问题
I am trying to use templates to create an analogue of the type_info::name() function which emits the const-qualified name. E.g. typeid(bool const).name() is "bool" but I want to see "bool const". So for generic types I define:
template<class T> struct type_name { static char const *const _; };
template<class T> char const *const type_name<T>::_ = "type unknown";
char const *const type_name<bool>::_ = "bool";
char const *const type_name<int>::_ = "int";
//etc.
Then type_name<bool>::_ is "bool". For non-const types obviously I could add a separate definition for each type, so char const *const type_name<bool const>::_ = "bool const"; etc. But I thought I would try a partial specialization and a concatenation macro to derive in one line the const-qualified name for any type which has its non-const-qualified name previously defined.
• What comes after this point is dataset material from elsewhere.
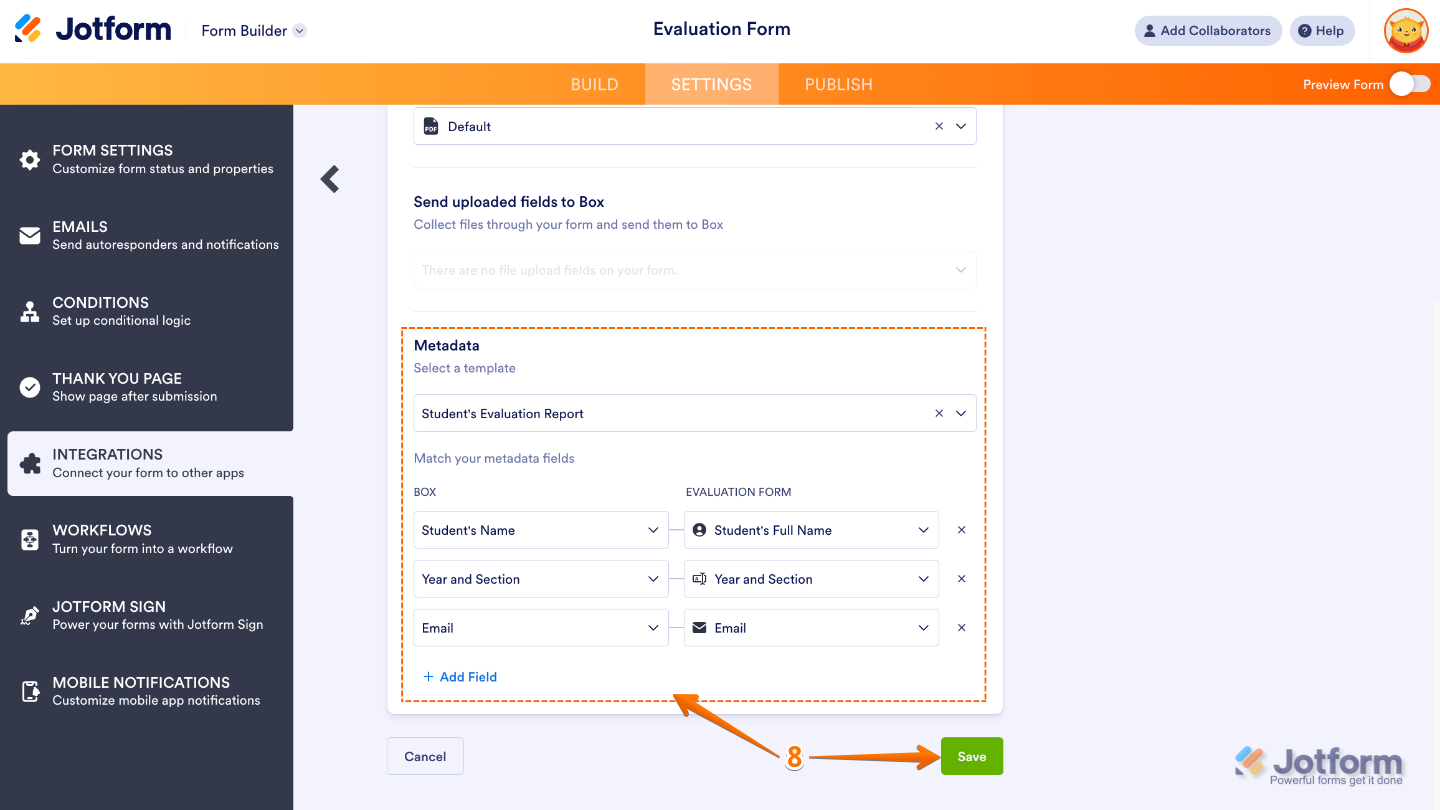 - Now, scroll down to the Metadata section and then Select a Template. Start mapping your form fields and click on Add Field if you want to map more. Once you’re done, click on Save.

So
#define CAT(A, B) A B
template<class T> char const *const type_name<T const>::_
= CAT(type_name<T>::_, " const"); // line [1]
But then type_name<bool const>::_ gives me error C2143: syntax error: missing ';' before 'string' for line [1]. I think that type_name<bool>::_ is a static string known at compile time, so how do I get it concatenated with " const" at compile time?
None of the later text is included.